How to complete this task
Could the lines from the start of the data through the line with "曾经相当长的一段时间,eBay 的市值是高过 Amazon 的,现在差距就非常巨大的了。" be set down exactly, with no pictures among them?

Content starts

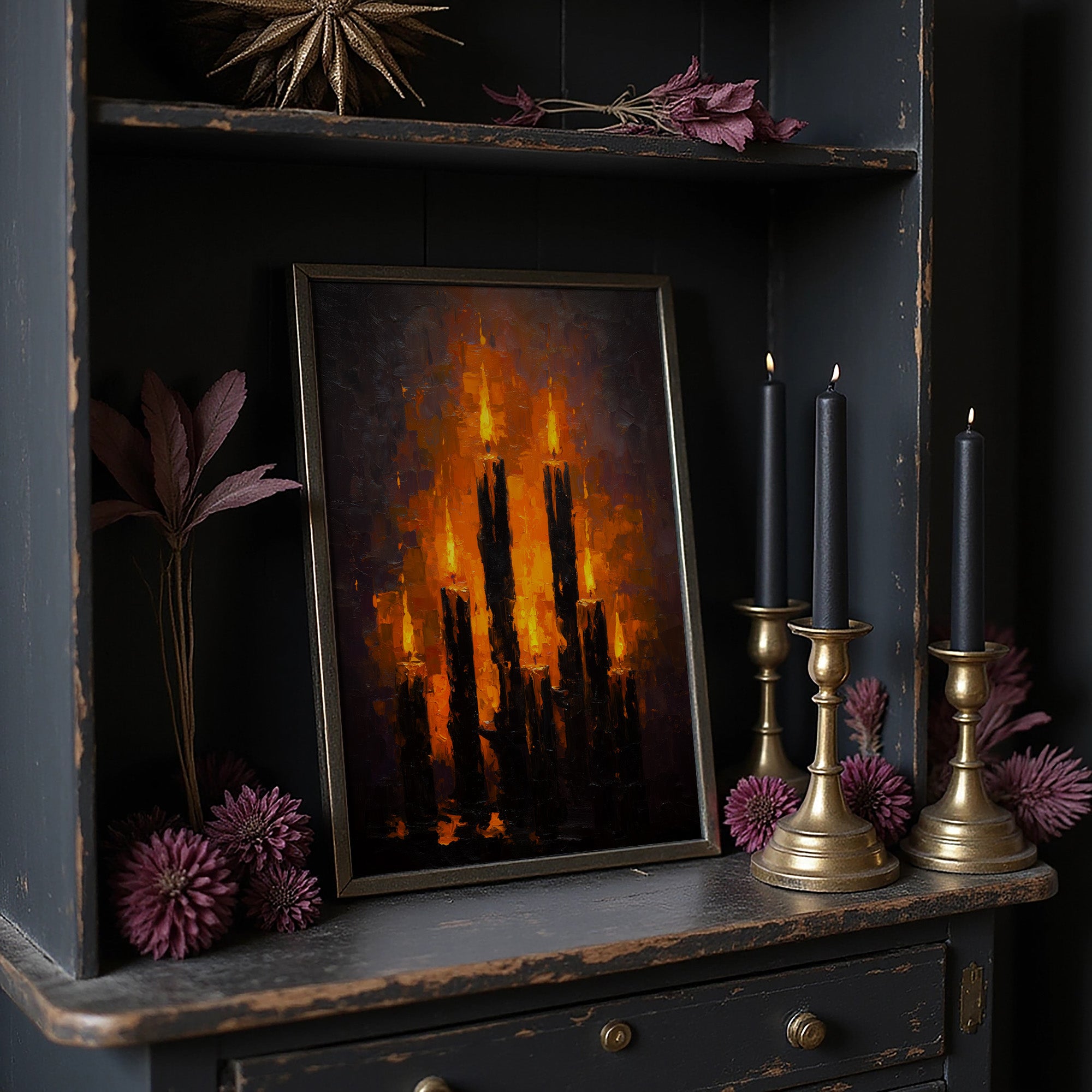 Heat radiates from the canvas as molten towers emerge from darkness. Bold strokes of amber, crimson, and gold create a metropolitan silhouette that seems to burn against the night, textured impasto suggesting both destruction and rebirth. The reflection below mirrors this fiery skyline, creating a symmetry that speaks to the duality of urban existenceboth vibrant and consuming.
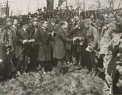 Shortly after the regiment's arrival in France, they were informed that they would be sent to serve in Italy instead.[1] They arrived there in July 1918 in response from an urgent request from the Italian Government. In addition to the American infantry force, 30 American ambulance sections, a base hospital, and 54 airplane pilots also served with the Italian Army. The American pilots, as members of the Italian bombardment squadrons, engaged in bombing raids behind Austrian lines, being especially active during the progress of the Vittorio Veneto offensive.[2]
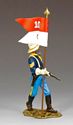 A veteran 10th NCO carries his pistol in one hand and a troop guidon in the other.
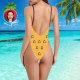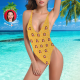 Custom Face V-Neck Bikini Women's Photo One Piece Swimsuit Women's Gifts - Avocado
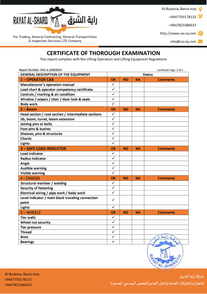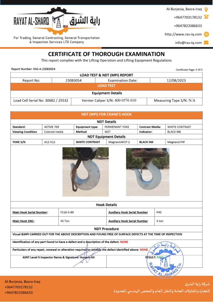 LIFTING INSPECTION
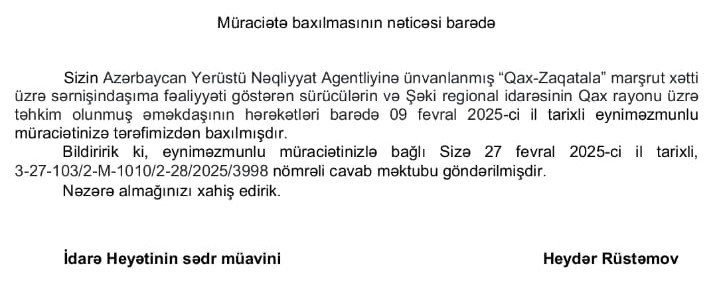 Vətəndaşın müraciətinə AYNA tərəfindən göndərilən cavab məktubu problemin həll olunmadığını və araşdırılmadığını göstərir. Agentliyin məktubunda bildirilir ki, vətəndaşın 09 fevral 2025-ci il tarixli müraciətinə baxılıb və 27 fevral 2025-ci il tarixində rəsmi cavab göndərilib. Lakin məktub ümumi ifadələrlə yazılıb və konkret tədbirlərin görülməsinə dair heç bir açıqlama verilməyib. Bu isə vətəndaşda AYNA-nın problemi ört-basdır etməyə çalışdığı təəssüratını yaradıb.
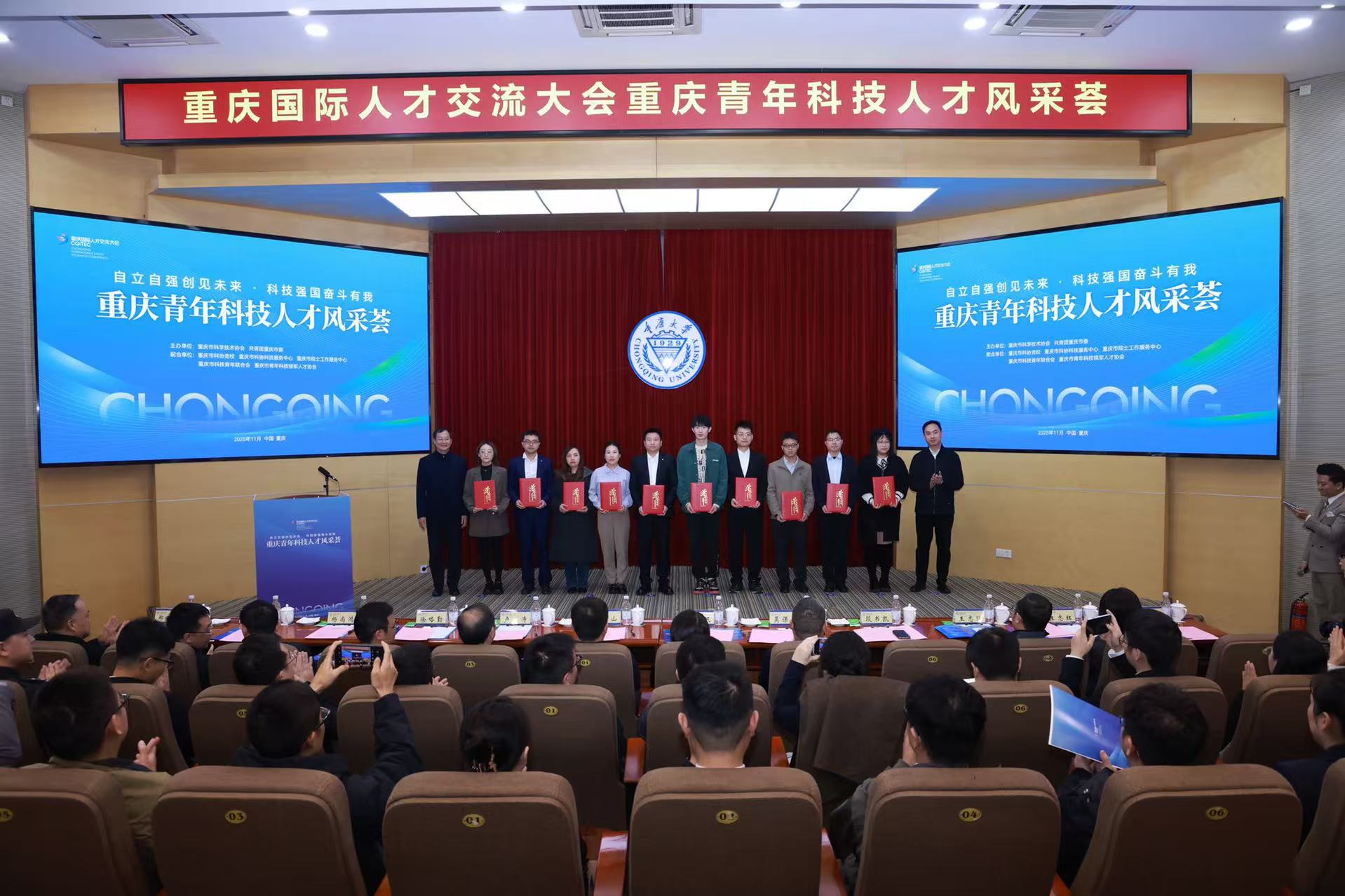 2025年11月11日下午,由重庆市科协、团市委共同主办的重庆国际人才交流大会专场活动——重庆青年科技人才风采荟,在重庆大学A区国际会议厅成功举办。
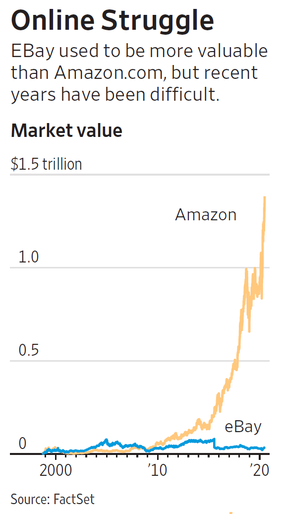 曾经相当长的一段时间,eBay 的市值是高过 Amazon 的,现在差距就非常巨大的了。
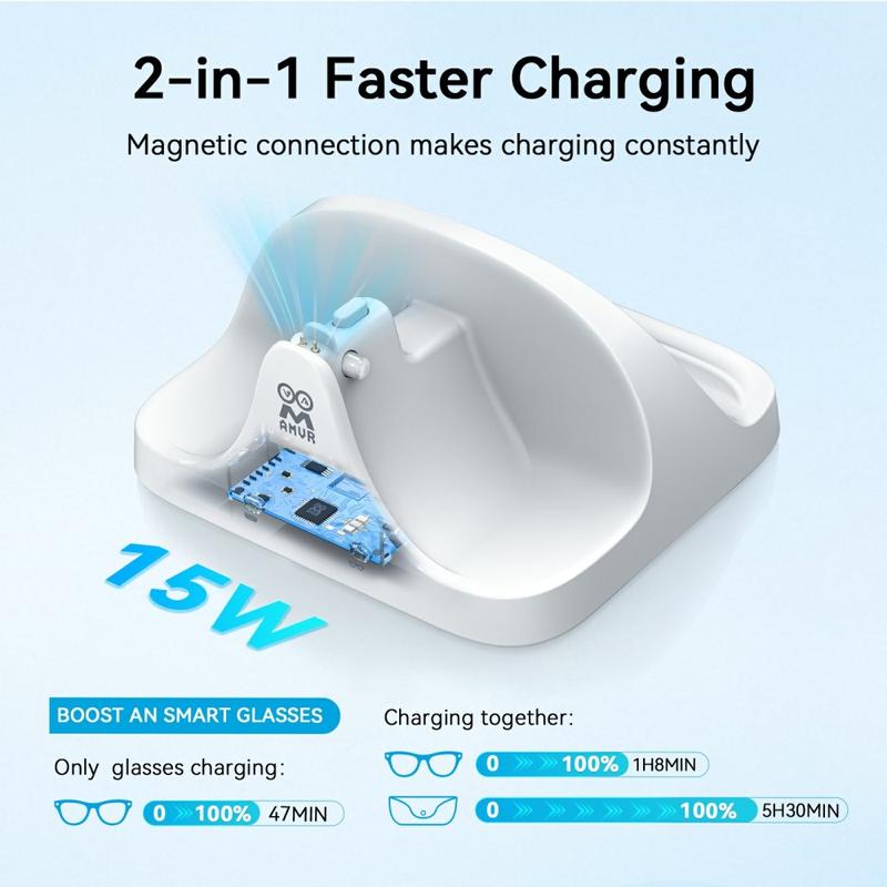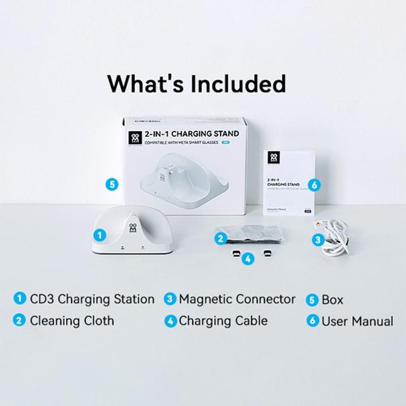 • Base de carga rápida magnética 2 en 1 AMVR CD3 para gafas Ray-Ban Meta AI Gen 1, Gen 2
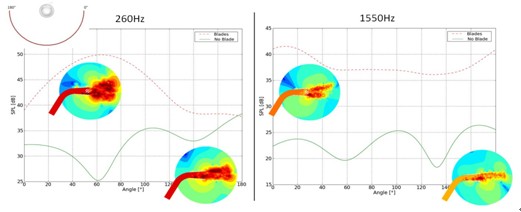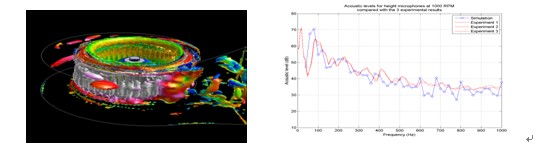 圖1 設備、廠房及相關噪聲控制技術 圖2 仿真結果 圖3 傳動設備聲網格和在某點處的聲壓級 圖4傳動設備聲各部分對輻射功率的貢獻 圖5 鼓風機噪聲渦和噪聲模擬結果與實驗對比,結果吻合良好 圖6 進排氣噪聲模擬 圖7 聲學指向性 |
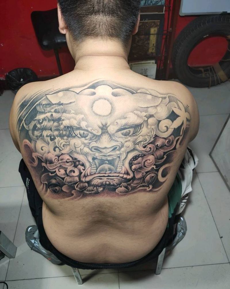当前位置: 首页 >山东省淄博市纹身店-匠魂刺青纹身图案>唐狮遮盖!纹身图片_背部新传统纹身图案
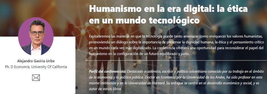El evento cerrará con el conversatorio central a las 5:00 p.m. titulado “Humanismo en la era digital: la ética en un mundo tecnológico”, que contará con la participación de Alejandro Gaviria Uribe, exministro de Educación, y Nancy Gómez, decana de la División de Humanidades de Uninorte. Juntos, analizarán los retos éticos y humanos que surgen en un mundo cada vez más influenciado por la tecnología.
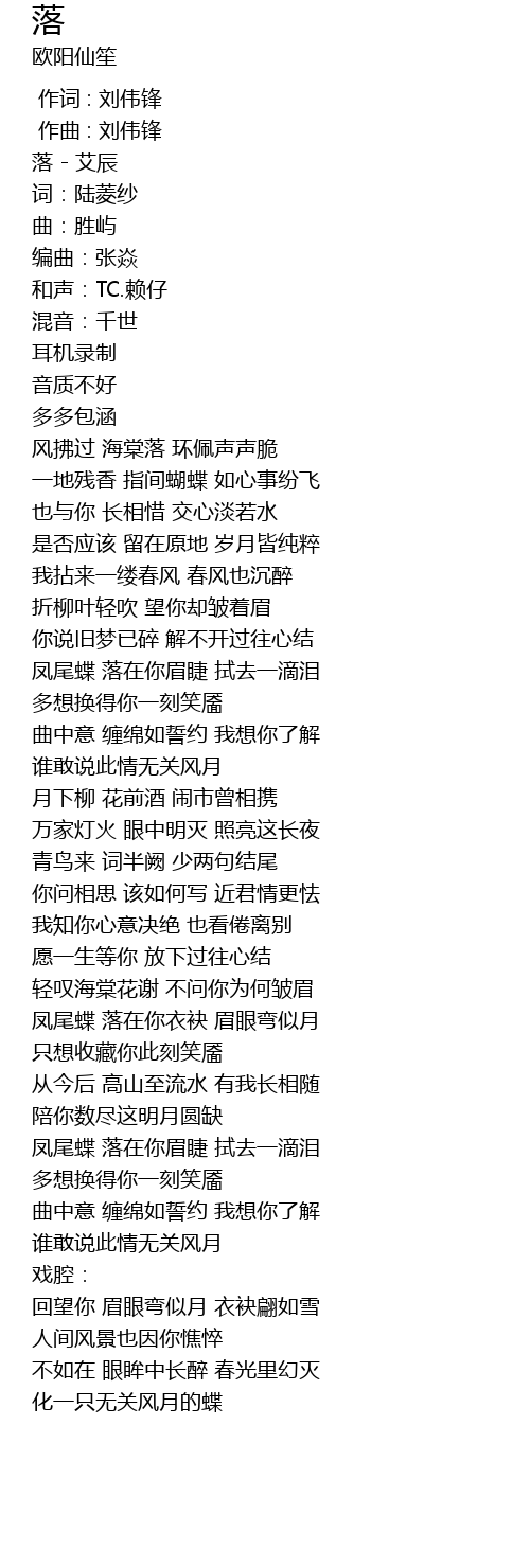 | [00:01.285] | 落 - 艾辰 |
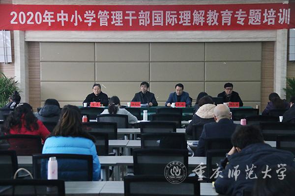 1月11日下午,2020年中小学管理干部国际理解教育专题培训开班仪式在Beat365三春湖报告厅成功举行。教育部中外人文交流中心副主任夏娟通过互联网在“云端”出席,校党委常委、副校长陆远权,重庆市教育委员会国际合作与交流处处长李斌,Beat365继续教育学院党总支书记胡忠建在现场出席。开班仪式由国际汉语文化学院院长雷勇主持。
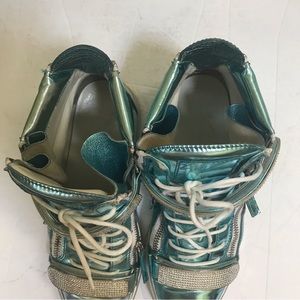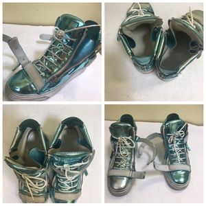 Giuseppe Zanotti Donna Metallic Patent Leather High Top Sneakers Shoes Crystals
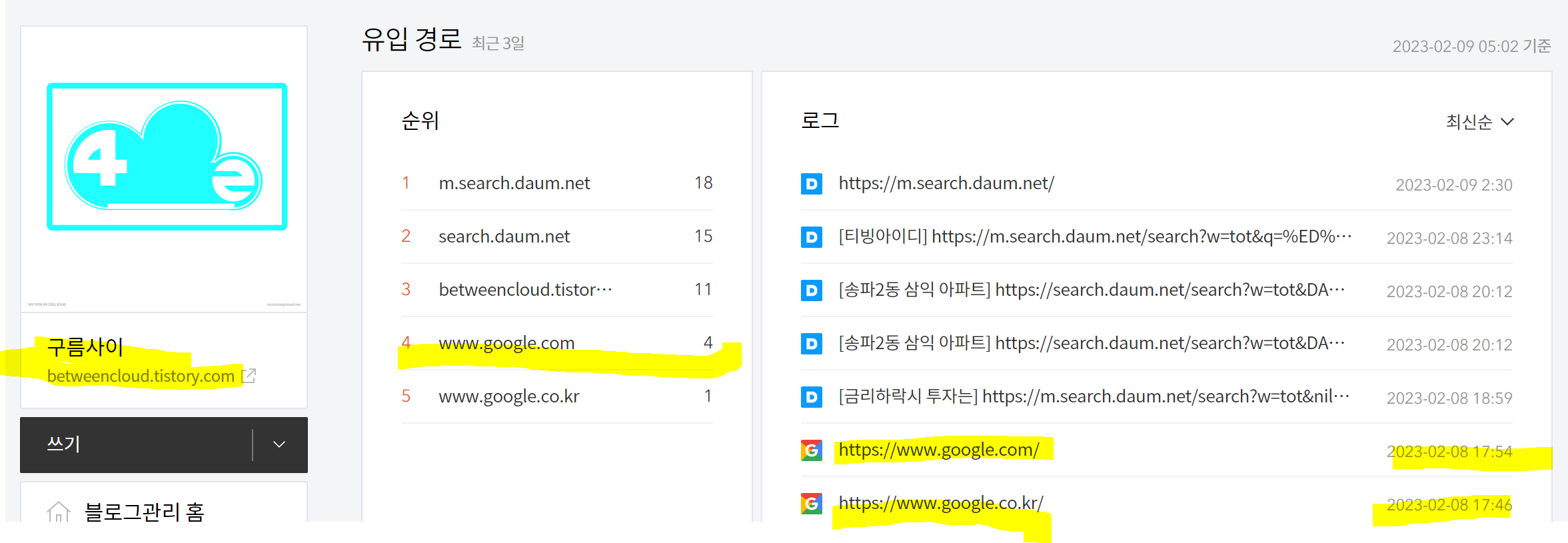 티스토리를 초기 구축하면서 구글이나 네이버 검색엔진 연동을 위한 조치/액션이 필요하다고 인지는 하였으나, 글을 작성하고 올린다고 연동작업을 깜박하고 잊어버리고 있었습니다. 그리고 차츰 방문통계 및 유입경로를 보면서 다시 의문이 들었죠? 왜 네이버에서는 내 글이 검색이 되지 않을까? 처음에는 경쟁사이므로 상호 배타적으로 상대적의 자료를 '서비스'하지 않는다. 즉 인덱싱은 되어 있지만 검색결과에 나타나지 않게 하거나 검색의 후순위 페이지에 위치시키는 것으로 이해했습니다. 그래서 네이버 검색에서 내 글이 아닌 다른 검색어를 쳐보니, '어, URL에 tistory.com 인 것이 나타나네'..mmm. 검색을 하여 연동 조치를 2023년 2월 6일경에 하였습니다. 드디어, 2월 8일 저녁에 구글에서 검색으로 제 글이 나타났고, 다른 사람에 의해 접근이 되었습니다.( 아래 그림 참조). 이미 구글로 연동되었는지는 site: 명령어 조회는 완료하였지만 다른 사람이 접근하는 것은 처음 목격(?)하였습니다.

Content ends

Finished exercise
 Heat radiates from the canvas as molten towers emerge from darkness. Bold strokes of amber, crimson, and gold create a metropolitan silhouette that seems to burn against the night, textured impasto suggesting both destruction and rebirth. The reflection below mirrors this fiery skyline, creating a symmetry that speaks to the duality of urban existenceboth vibrant and consuming.
 Shortly after the regiment's arrival in France, they were informed that they would be sent to serve in Italy instead.[1] They arrived there in July 1918 in response from an urgent request from the Italian Government. In addition to the American infantry force, 30 American ambulance sections, a base hospital, and 54 airplane pilots also served with the Italian Army. The American pilots, as members of the Italian bombardment squadrons, engaged in bombing raids behind Austrian lines, being especially active during the progress of the Vittorio Veneto offensive.[2]
 A veteran 10th NCO carries his pistol in one hand and a troop guidon in the other.
 Custom Face V-Neck Bikini Women's Photo One Piece Swimsuit Women's Gifts - Avocado
 LIFTING INSPECTION
 Vətəndaşın müraciətinə AYNA tərəfindən göndərilən cavab məktubu problemin həll olunmadığını və araşdırılmadığını göstərir. Agentliyin məktubunda bildirilir ki, vətəndaşın 09 fevral 2025-ci il tarixli müraciətinə baxılıb və 27 fevral 2025-ci il tarixində rəsmi cavab göndərilib. Lakin məktub ümumi ifadələrlə yazılıb və konkret tədbirlərin görülməsinə dair heç bir açıqlama verilməyib. Bu isə vətəndaşda AYNA-nın problemi ört-basdır etməyə çalışdığı təəssüratını yaradıb.
 2025年11月11日下午,由重庆市科协、团市委共同主办的重庆国际人才交流大会专场活动——重庆青年科技人才风采荟,在重庆大学A区国际会议厅成功举办。
 曾经相当长的一段时间,eBay 的市值是高过 Amazon 的,现在差距就非常巨大的了。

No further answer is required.